*** Materials provided ***

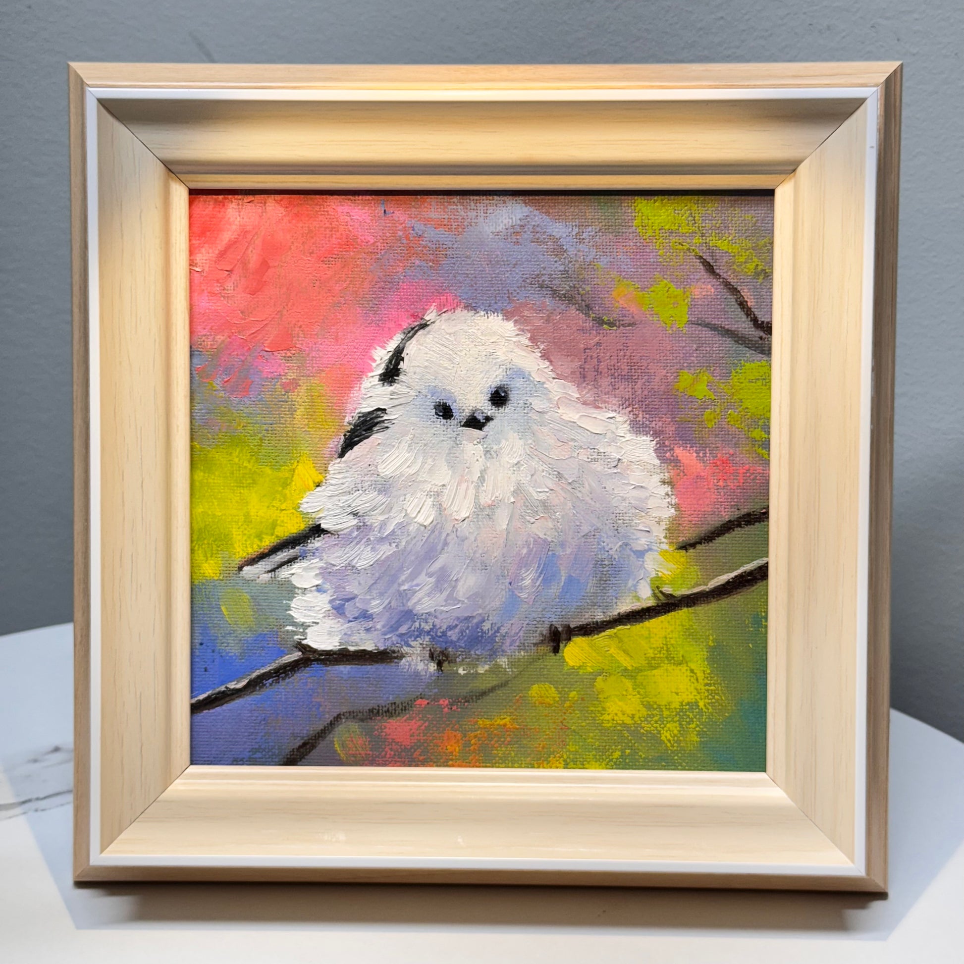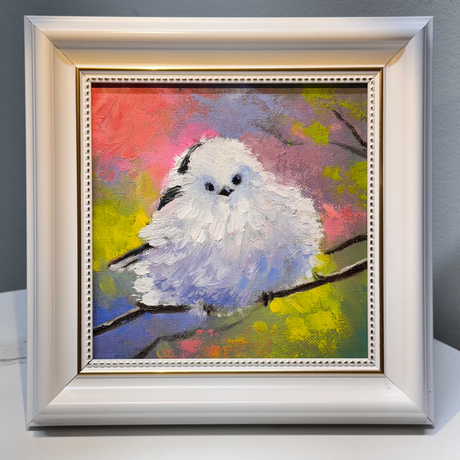 A charming oil painting of a fluffy snow fairy tit, Shima enaga white bird perched on a branch, surrounded by a colorful, dreamy background. The soft brushstrokes give the bird a gentle, airy feel, while the vibrant hues add warmth and joy. Framed elegantly, this piece brings a touch of whimsy and tranquility to any space.
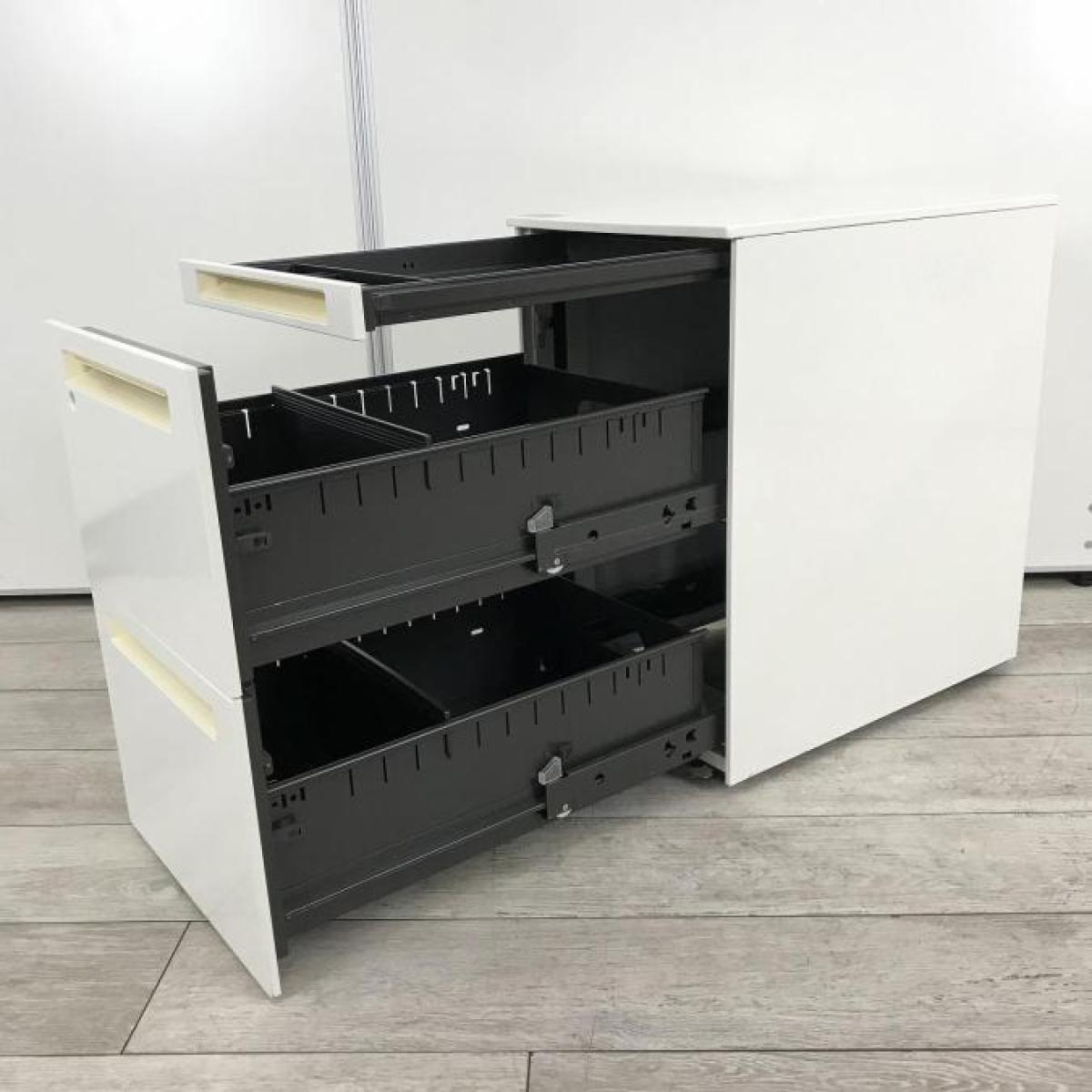 フリーアドレスの必須品!収納とワークスペースの拡張にオススメ!珍しい1段め深型タイプ! ■オカムラ/ アドバンスシリーズ(ADVANCE)/ホワイト 3段ワゴン フリアド用 H650㎜ シリンダー錠
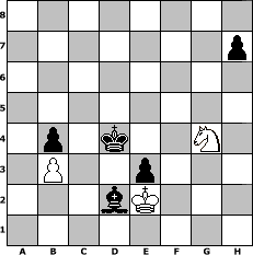 Partie-Notation im PGN-Format [Event "Pott Schach - Gl"] [Site "www.mySchach.de"] [Date "2016.10.25"] [Round "1"] [White "Schefsche"] [Black "FrankB"] [ECO "C02"] [WhitemyELO "1406"] [BlackmyELO "1668"] [Result "0-1"] [TimeControl "10/2592000"] [WhiteDays "158"] [BlackDays "162"] [MySchachNr "105339"] 1. e4 e6 2. d4 d5 3. e5 c5 4. Bb5+ Bd7 5. Bxd7+ Nxd7 6. Nf3 cxd4 7. Qxd4 Ne7 8. Bg5 Qc7 9. c3 Nc6 10. Qe3 Ncxe5 11. Nxe5 Qxe5 12. Qxe5 Nxe5 13. O-O f6 14. Be3 Be7 15. Nd2 Kf7 16. b3 a6 17. a4 Ng4 18. Rae1 Rac8 19. h3 Nxe3 20. Rxe3 Rc6 21. Re1 Rhc8 22. c4 dxc4 23. Nxc4 Bb4 24. R1e2 e5 25. Re4 Bc3 26. R2e3 Bd4 27. Rf3 Ke6 28. g4 g6 29. Re1 b5 30. axb5 axb5 31. Na5 Rc1 32. Rxc1 Rxc1+ 33. Kg2 Rc3 34. Rxc3 Bxc3 35. Nb7 Kd5 36. Kf3 Bb4 37. Ke3 Bc5+ 38. Ke2 Be7 39. Kd3 b4 40. f3 f5 41. gxf5 gxf5 42. Na5 Bg5 43. Nc4 e4+ 44. fxe4+ fxe4+ 45. Ke2 Kd4 46. Nd6 e3 47. Nb5+ Ke4 48. Nd6+ Kf4 49. Nf7 Bf6 50. Nh6 Bc3 51. Nf7 Bd2 52. Nh6 Kg3 53. Nf5+ Kxh3 54. Nh6 Kg3 55. Nf5+ Kf4 56. Nh6 Ke4 57. Ng4 Kd4 0-1 Stellungs-Notation im FEN-Format 8/7p/8/8/1p1k2N1/1P2p3/3bK3/8 - - - 8 58 Geschlagene Figuren Weiss: Geschlagene Figuren Schwarz: Klicken Sie auf eine geschlagene Figur um den gewünschten Zug darzustellen!
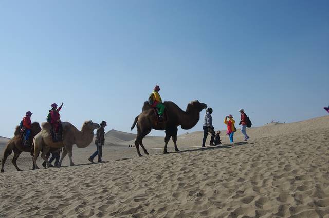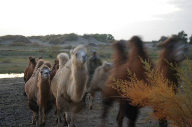 一群驼队,迎着朝阳,从沙丘开始走向沙漠深处,更显得沙漠的早晨如童话般的神秘。
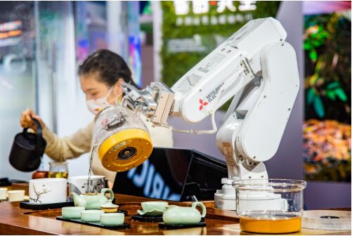 進博會上,三菱電機的創(chuàng)新探索體現(xiàn)于各事業(yè)領(lǐng)域的百花齊放。作為整個展臺的人氣亮點之一,上屆展會上大放異彩的茶道機器人再次登臺,向觀眾展示精湛茶藝,并與真人茶藝師同臺PK。

*** End of Materials provided ***

Assignment: Transcribe exactly, with no pictures, the lines running from the first line of the material through the line holding "フリアド用 H650㎜ シリンダー錠".

Exercise response:
 A charming oil painting of a fluffy snow fairy tit, Shima enaga white bird perched on a branch, surrounded by a colorful, dreamy background. The soft brushstrokes give the bird a gentle, airy feel, while the vibrant hues add warmth and joy. Framed elegantly, this piece brings a touch of whimsy and tranquility to any space.
 フリーアドレスの必須品!収納とワークスペースの拡張にオススメ!珍しい1段め深型タイプ! ■オカムラ/ アドバンスシリーズ(ADVANCE)/ホワイト 3段ワゴン フリアド用 H650㎜ シリンダー錠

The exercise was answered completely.